Monday, October 31, 2022

God's Love for the Lacking

 

Luke 19:1-10

Proper 26 / Year C

Flannery O’Connor, in her essay “Mystery and Manners”, observed when fiction writers write about the rich, they are more concerned with what the person lacks than with what the person has.  Although St. Luke’s gospel is not fiction, he takes the same approach when he writes about Zacchaeus.  Luke lets us know who Zacchaeus is (the what he ‘has’) with two very brief descriptions: he is a tax collector and he is rich.  But Luke does not dwell on the benefits of Zacchaeus’ status; although we can be sure they are many.  He lives in the most prestigious neighborhood in Jericho and enjoys the best methods of transportation, the finest clothes, the most sumptuous foods, and all the privileges associated with affluence.

But what Luke wants us to know about Zacchaeus is not all of that.  He tells us what Zacchaeus lacks, although he does not spell it out in black and white.  You have to read between the lines to get the specifics, but they are there for us to see.  We get the sense that Zacchaeus is isolated, that there is a hiddenness about him, that all his bravado is a mask for a deep-rooted sense of inferiority.  The local community rejects him because his occupation is little more than legalized extortion.  Luke is unable to identify a single important family member, friend, or acquaintance in Zacchaeus’ life.  And, perhaps most important, Zacchaeus is hiding from God.  While he may have been short in stature, we are given the impression Zacchaeus is even shorter in soul.  What does Zacchaeus lack?  He has everything the world offers, but nothing that comes from God. 

One critic of Flannery O’Conner observed “her characters are often crude, unkempt, and ill-educated.  Bereft of redeeming qualities and brimming with flaws, it is easy to be repelled by them and the path their lives are taking.”  Zacchaeus could easily be the subject of one of O’Conner’s short stories.  She observed, “There is something in us, as storytellers and as listeners to stories, that demands the redemptive act, that demands that what falls at least be offered the chance to be restored.”  She notes, “I have found, in short, from reading my own writing, that my subject in fiction is the action of grace in territory largely held by the devil.”  Again, Zacchaeus fits this mold.

How does the “action of grace” work on Zacchaeus?

The best sermon I ever heard about him had two simple points.  First, Jesus tells Zacchaeus “I love you where you are.  Hiding in a Sycamore tree, cheating everyone in town out of their hard-earned money, alone and miserable and isolated, but nicely dressed! – Jesus says to Zacchaeus, “I love you where you are.  Then Jesus says to him, “I need your help.  I want you to do something for me.  I want to come to your house for lunch.  And there, at Zacchaeus’ home, surrounded by all his ill-gotten gain, Jesus is able to look past all that is wrong with him in order to see what he lacks. 

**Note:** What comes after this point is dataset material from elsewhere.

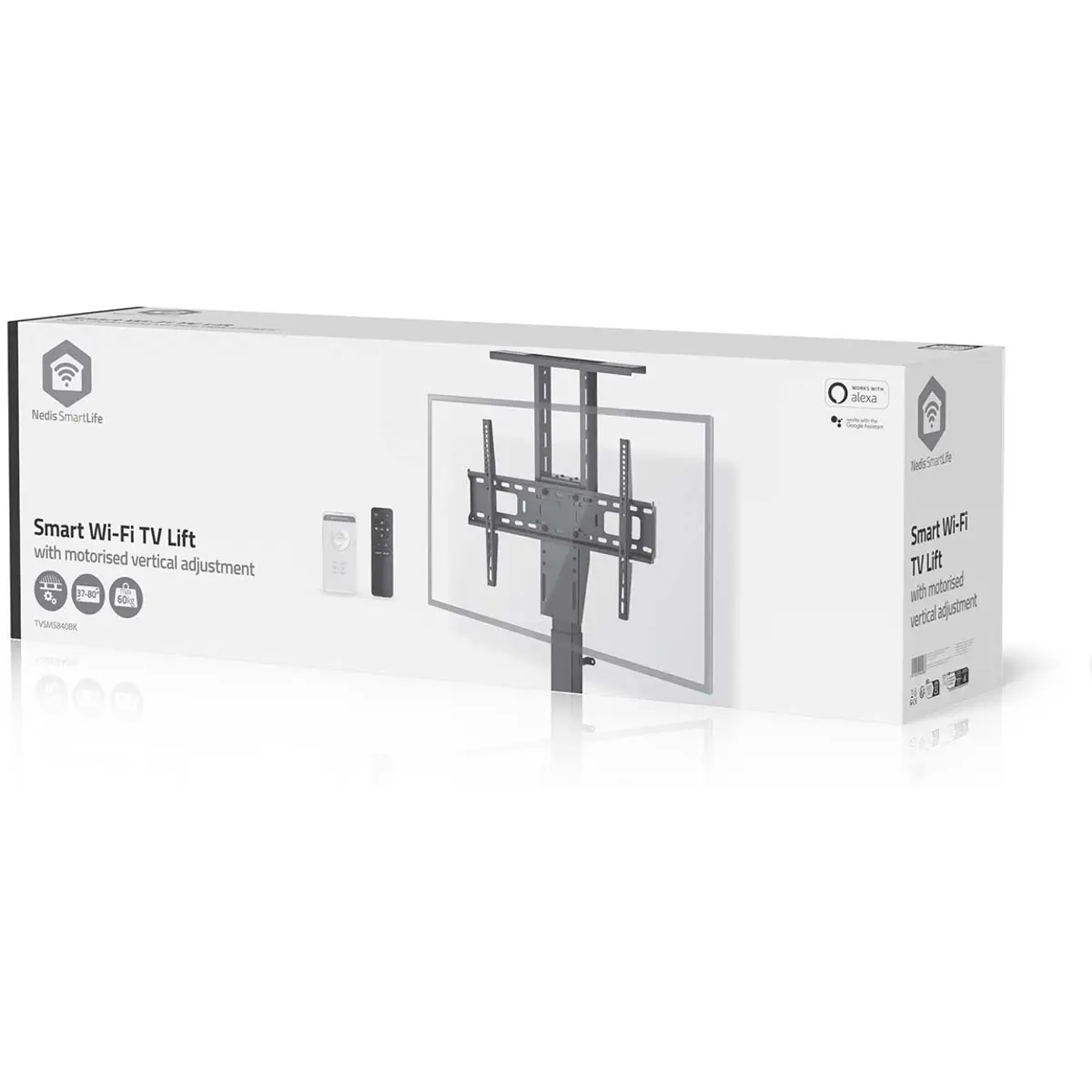 O Elevador de TV Motorizado Nedis SmartLife Wi-Fi foi projetado para ocultar televisores de ecrã plano com tamanhos entre 37" e 80" em armários. O painel superior do armário pode ser montado no suporte, permitindo selar a caixa quando o elevador está baixado. Esta solução não só economiza espaço, mas também contribui para um ambiente minimalista.

No one had ever told Zacchaeus “God loves you right here, right now… no conditions, no qualifications, no catches, and no hidden fees.  God loves you.”  Do you realize what a radical statement this is?  In Zacchaeus’ day it was believed God loved you because you were a part of the Chosen Nation and because you followed all the rules and regulations and because you kept yourself ritually clean for worship in the Temple and because you made the right sacrifices at the appointed time.  Basically, folks believed you deserved God’s love because you did all the things necessary to earn God’s love.

2000 years later I don’t know if things have changed all that much.  We still attach God’s love to conditions like attending church and quoting the bible and being a “good person” – however you might define ‘good.’  Now, as then, we tend to put qualifications on God’s love.  We are more comfortable with a Savior who says “Stop cheating people when you collect taxes, be a better parent, show more compassionate to people less fortunate than you, get to church more often, sing in the Choir, serve on Vestry and then maybe you will be worthy of my love.” 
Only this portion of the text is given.